→ **Instructions for the task**: Exactly transcribe the span of lines from the one containing "58%的用户采取了有风险的行" through the final line of the entries, inclusive, and nothing outside it. Exclude the pictures.

→ **The data**:
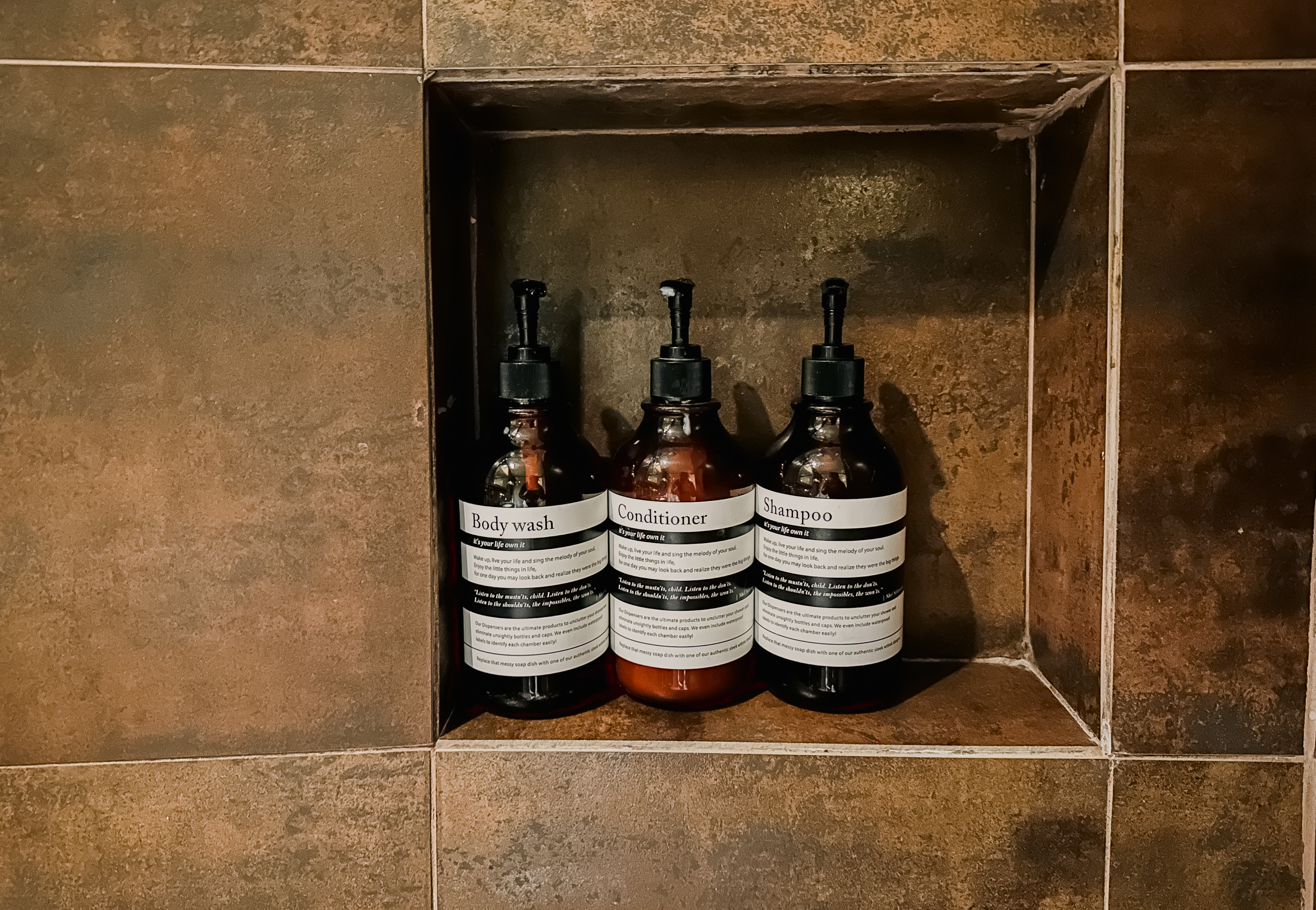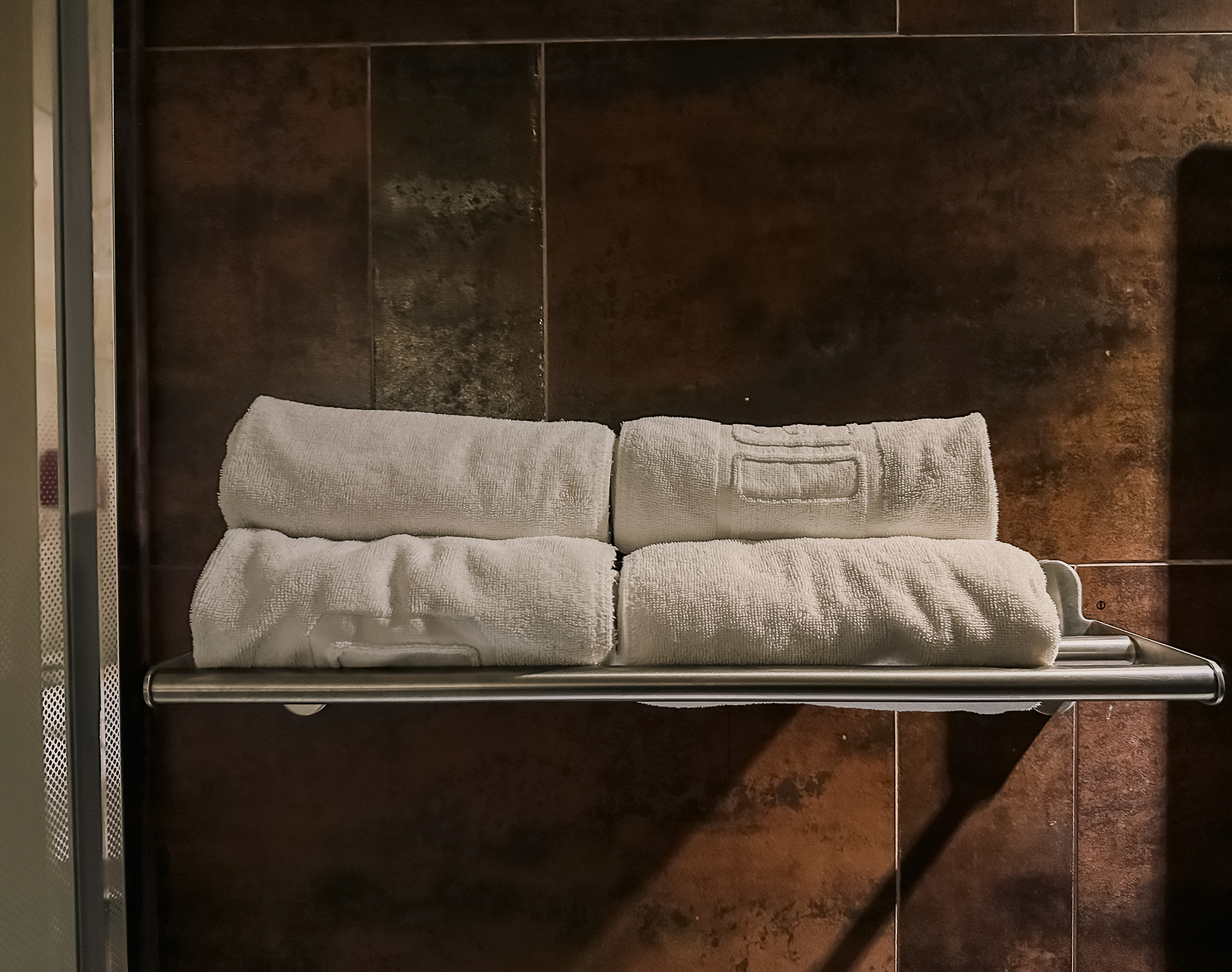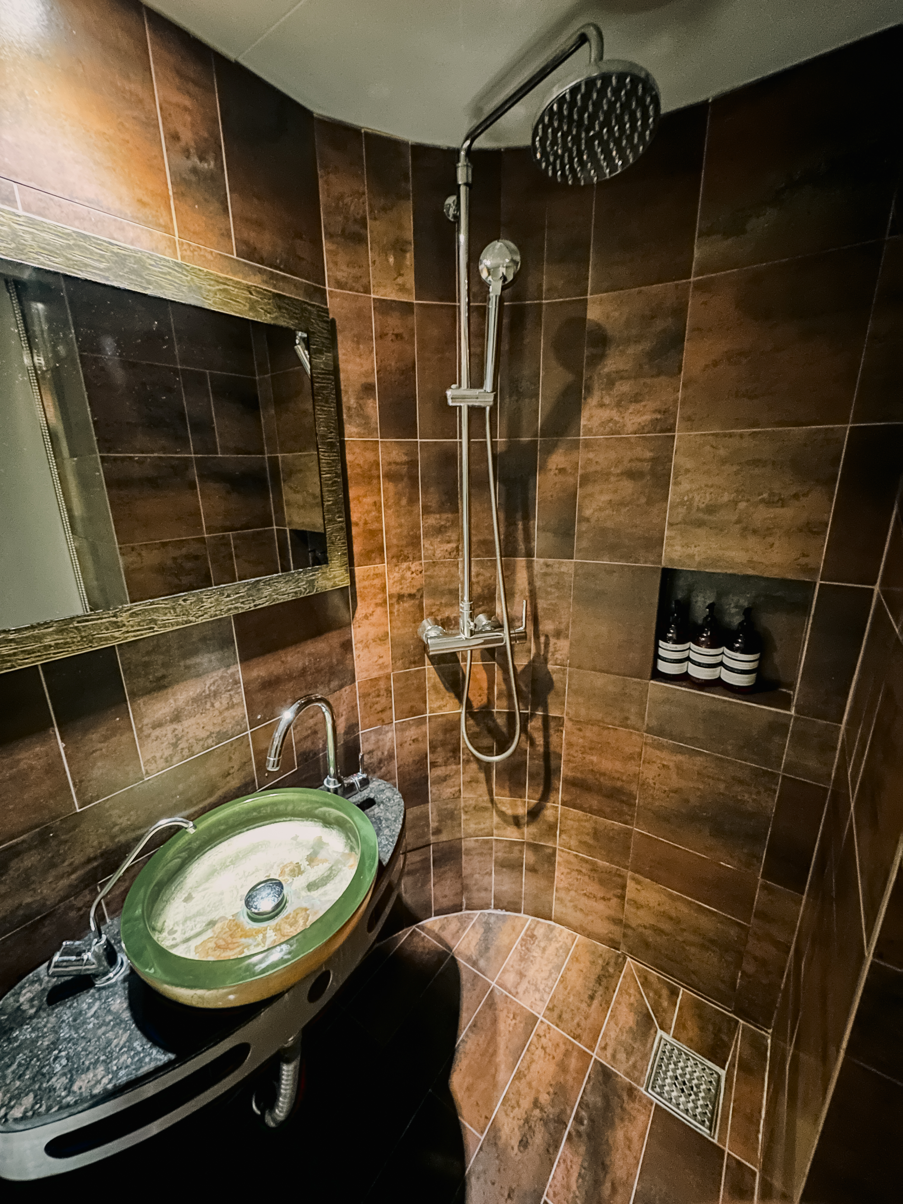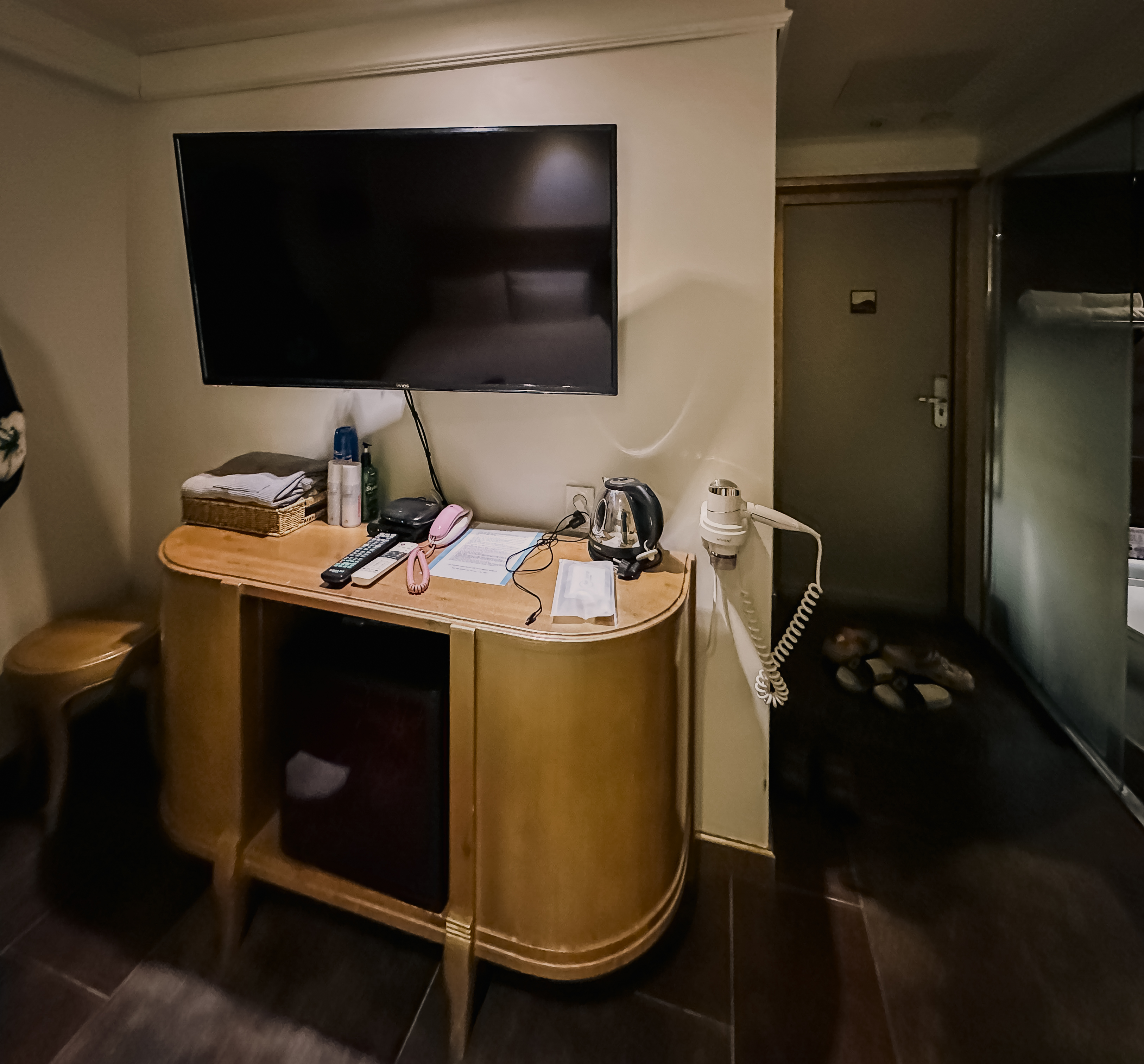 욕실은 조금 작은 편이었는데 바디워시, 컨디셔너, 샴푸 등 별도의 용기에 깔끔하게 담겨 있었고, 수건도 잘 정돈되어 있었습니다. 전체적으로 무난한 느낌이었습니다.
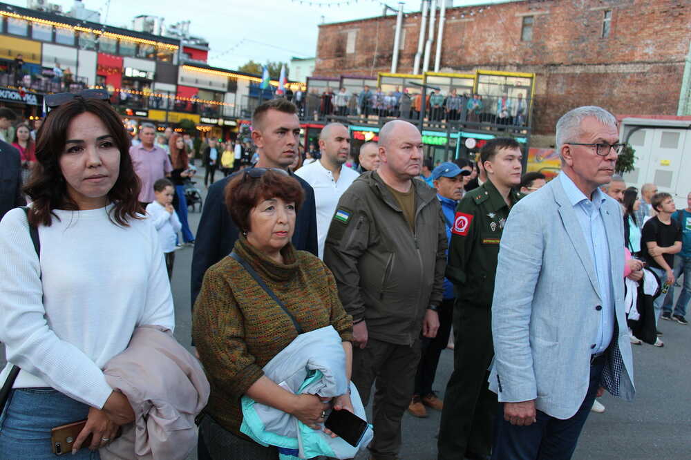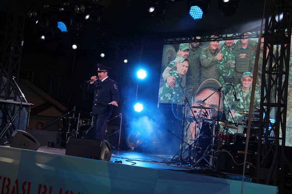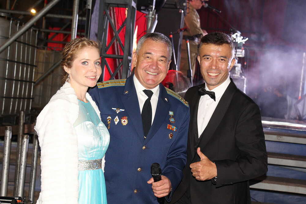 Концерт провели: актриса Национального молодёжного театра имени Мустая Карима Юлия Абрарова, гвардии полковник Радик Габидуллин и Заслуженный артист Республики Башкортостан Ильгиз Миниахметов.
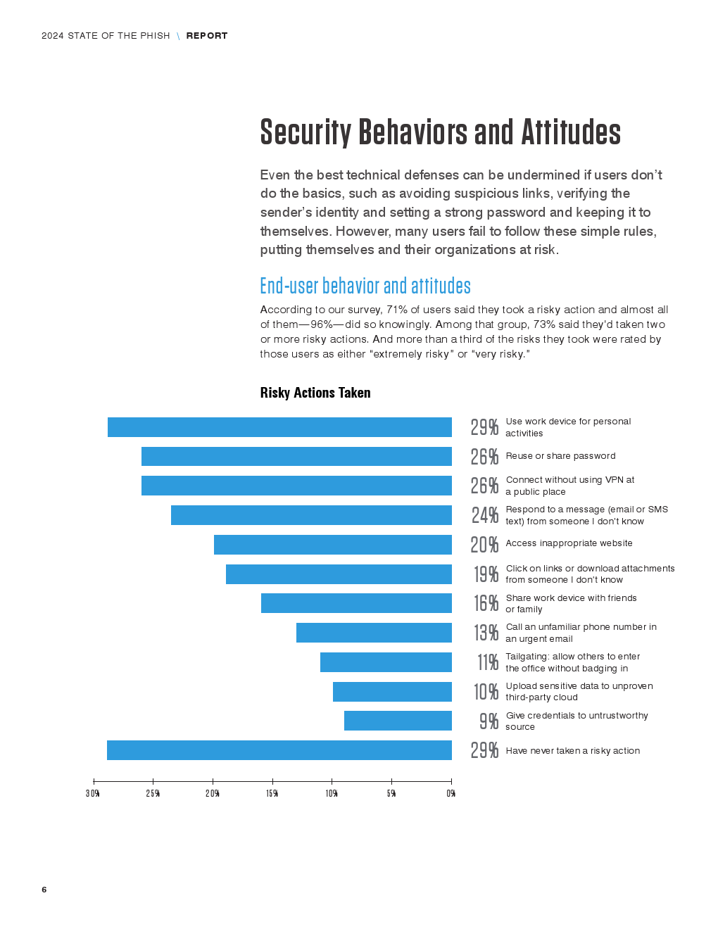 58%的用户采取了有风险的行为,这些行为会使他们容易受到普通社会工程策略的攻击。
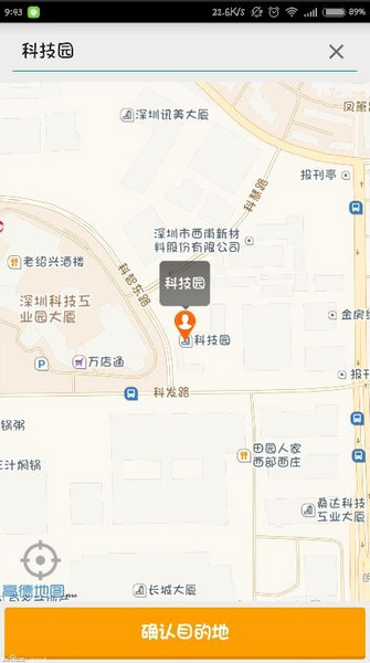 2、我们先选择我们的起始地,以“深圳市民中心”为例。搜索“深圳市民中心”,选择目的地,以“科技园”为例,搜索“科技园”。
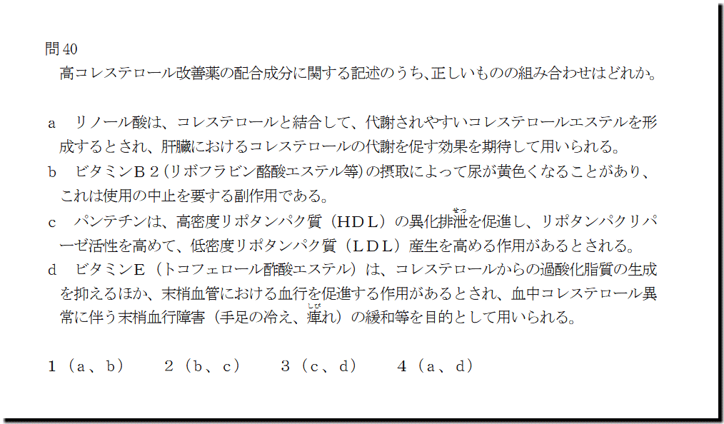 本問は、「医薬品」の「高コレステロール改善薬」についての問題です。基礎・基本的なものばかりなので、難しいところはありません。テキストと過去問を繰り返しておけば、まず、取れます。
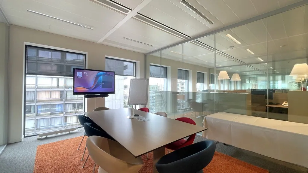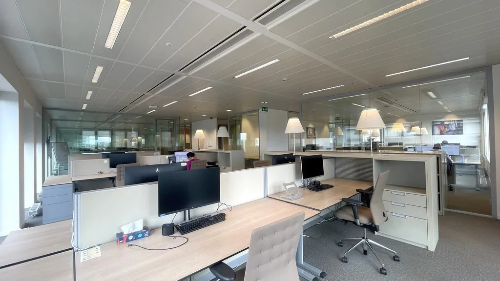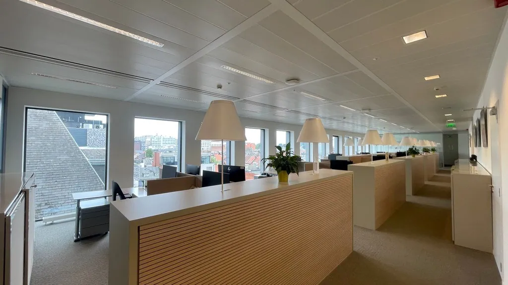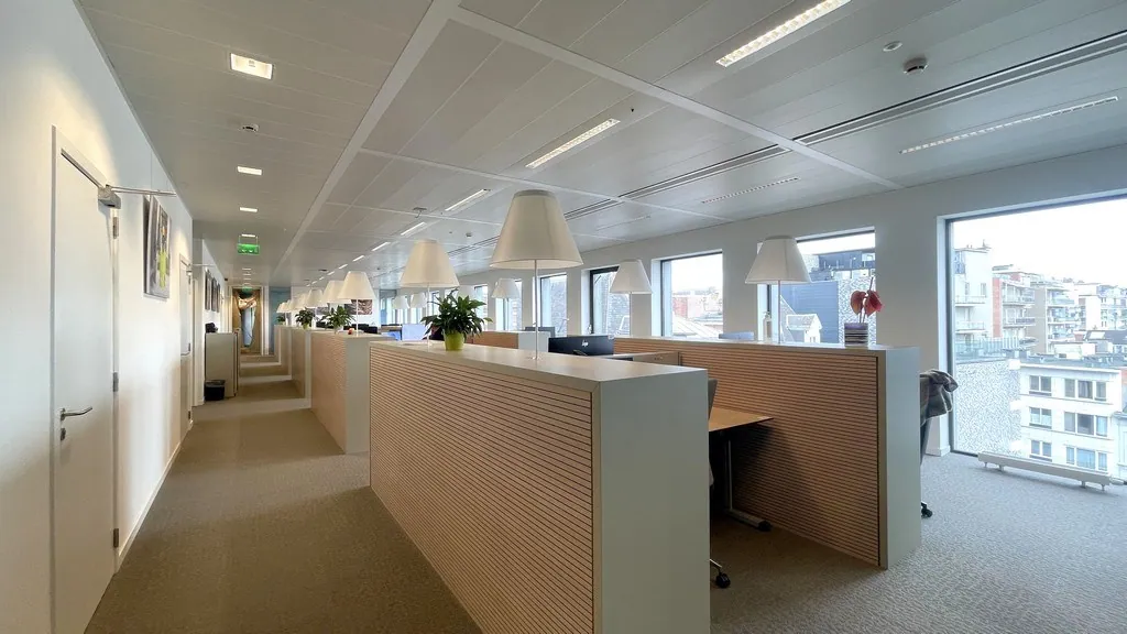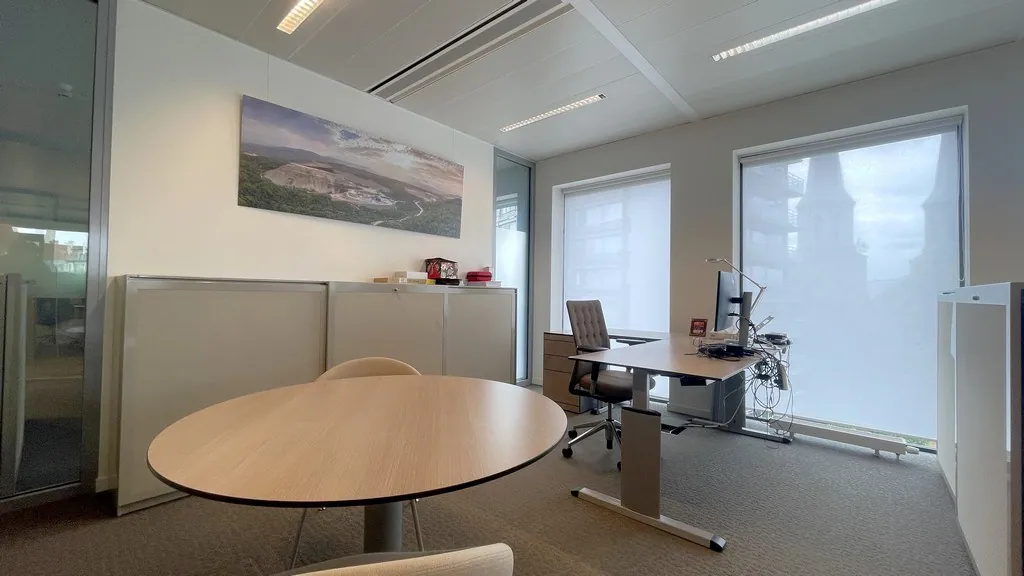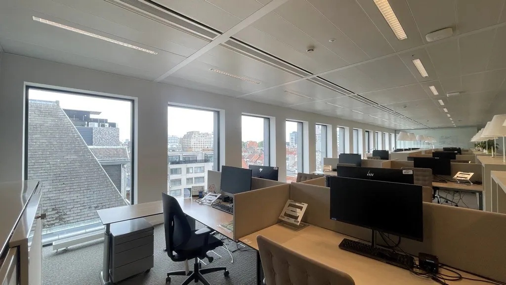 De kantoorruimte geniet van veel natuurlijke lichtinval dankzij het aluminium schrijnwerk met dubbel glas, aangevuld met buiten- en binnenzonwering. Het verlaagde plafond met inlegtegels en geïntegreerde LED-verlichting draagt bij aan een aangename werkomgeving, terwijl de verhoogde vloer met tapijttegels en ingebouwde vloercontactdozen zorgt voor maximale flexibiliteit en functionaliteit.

→ **Response below**:
 58%的用户采取了有风险的行为,这些行为会使他们容易受到普通社会工程策略的攻击。
 2、我们先选择我们的起始地,以“深圳市民中心”为例。搜索“深圳市民中心”,选择目的地,以“科技园”为例,搜索“科技园”。
 本問は、「医薬品」の「高コレステロール改善薬」についての問題です。基礎・基本的なものばかりなので、難しいところはありません。テキストと過去問を繰り返しておけば、まず、取れます。
 De kantoorruimte geniet van veel natuurlijke lichtinval dankzij het aluminium schrijnwerk met dubbel glas, aangevuld met buiten- en binnenzonwering. Het verlaagde plafond met inlegtegels en geïntegreerde LED-verlichting draagt bij aan een aangename werkomgeving, terwijl de verhoogde vloer met tapijttegels en ingebouwde vloercontactdozen zorgt voor maximale flexibiliteit en functionaliteit.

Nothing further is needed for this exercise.